Die Nachricht von Schiller's Tode verbreitete sich schnell durch Weimar; das Theater wurde geschlossen, die Leute standen gruppenweise auf den Straßen zusammen, jeder fühlte als wenn er seinen theuersten Freund verloren hätte. Wie sollte man die Nachricht Goethen bringen, der selbst noch schwach war von seiner letzten Krankheit! Niemand mochte es wagen. Heinrich Meyer war bei ihm, als draußen die Nachricht eintraf, Schiller sei todt; er wurde hinausgerufen, hatte nicht den Muth, zu Goethe zurückzukehren, sondern ging ohne Abschied weg. Die Einsamkeit, in der sich Goethe befand, die Verwirrung, die er überall wahrnahm, das Bestreben ihm auszuweichen, das ihm nicht entgehen konnte – alles das ließ ihn wenig Tröstliches erwarten. »Ich merke es,« sagte er endlich, »Schiller muß sehr krank sein,« und die übrige Zeit des Abends blieb er in sich gekehrt. Er ahnte was geschehen war. In der Nacht hörte man ihn weinen – weinen den ruhig heiteren Mann, der über alle menschlichen Regungen so erhaben schien! Am Morgen sagte er zu einer Freundin: »nicht wahr, Schiller war gestern sehr krank.« Statt ihm zu antworten, fing sie laut an zu schluchzen. »Er ist todt?« fragte Goethe mit Festigkeit. »Sie haben es selbst ausgesprochen,« antwortete die Freundin. »Er ist todt,« wiederholte er noch einmal und bedeckte die Augen mit den Händen. Nicht blos einen Freund, die »Hälfte seines Daseins« hatte er verloren.
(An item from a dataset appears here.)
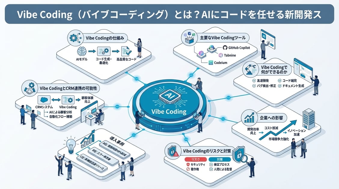Vibe Coding(バイブコーディング)とは?AIにコードを任せる新開発スタイルを実務に落とし込むには、CRMツールの活用が不可欠です。詳しくは「AI CRMとは?2026年のCRM × AI活用トレンドと実践的な導入ステップ」で解説しています。

Als er sich ermannt hatte, suchte er nach einer entschiedenen großen Thätigkeit; sein erster Gedanke war den Demetrius zu vollenden, den er, wie alle Arbeiten Schiller's seit dem Wallenstein, von Anfang bis zu Ende mit ihm durchgesprochen hatte; das Stück war ihm so lebendig wie dem Verstorbenen. Wahrhaft ergreifend ist, was er selbst in den Tag- und Jahresheften darüber erzählt. »Ich brannte vor Begierde, unsere Unterhaltung, dem Tode zu Trotz fortzusetzen, seine Gedanken, Ansichten und Absichten bis ins Einzelne zu bewahren, und ein herkömmliches Zusammenarbeiten bei Redaktion eigner und fremder Stücke hier zum letzten Male auf ihrem höchsten Gipfel zu zeigen. Sein Verlust schien mir ersetzt, indem ich sein Dasein fortsetzte. Unsere gemeinsamen Freunde hoffte ich zu verbinden; das deutsche Theater, für welches wir bisher gemeinschaftlich, er dichtend und bestimmend, ich belehrend, übend und ausführend, gearbeitet hatten, sollte bis zur Herankunft eines frischen ähnlichen Geistes, durch seinen Abschied nicht ganz verwaist sein. Genug, aller Enthusiasmus, den die Verzweiflung bei einem großen Verlust in uns aufregt, hatte mich ergriffen. Ich schien mir gesund, ich schien mir getröstet. Aber der Ausführung setzten sich mancherlei Hindernisse entgegen, die ich durch leidenschaftlichen Sturm noch vermehrte; eigensinnig und übereilt gab ich den Vorsatz auf, und ich darf nicht an den Zustand denken, in welchen ich mich versetzt fühlte. Nun war mir Schiller eigentlich erst entrissen, sein Umgang erst versagt. Meiner künstlerischen Einbildungskraft war verboten sich mit dem Katafalk zu beschäftigen, den ich ihm aufzurichten gedachte, der länger, als jener zu Messina, das Begräbniß überdauern sollte; sie wendete sich nun und folgte dem Leichnam in die Gruft, die ihn gepränglos eingeschlossen hatte. Nun fing er mir erst an zu verwesen; unleidlicher Schmerz ergriff mich, und da mich körperliche Leiden von jeglicher Gesellschaft trennten, so war ich in traurigster Einsamkeit. Meine Tagebücher melden nichts von jener Zeit; die weißen Blätter deuten auf den hohlen Zustand.« Im August desselben Jahres dichtete er dann zur Aufführung des Schiller'schen Liedes von der Glocke jenen bekannten Epilog, von dem wir eine Strophe diesem Buch als Motto vorgesetzt haben: wie Orgelton und Glockenklang tönt dies Gedicht; es ist ein mächtiger Strom, von Freundschaft und Poesie geschwellt, der den Grabhügel des großen Freiheitshelden unversiegbar umrauscht. Vergl. Anh. IV.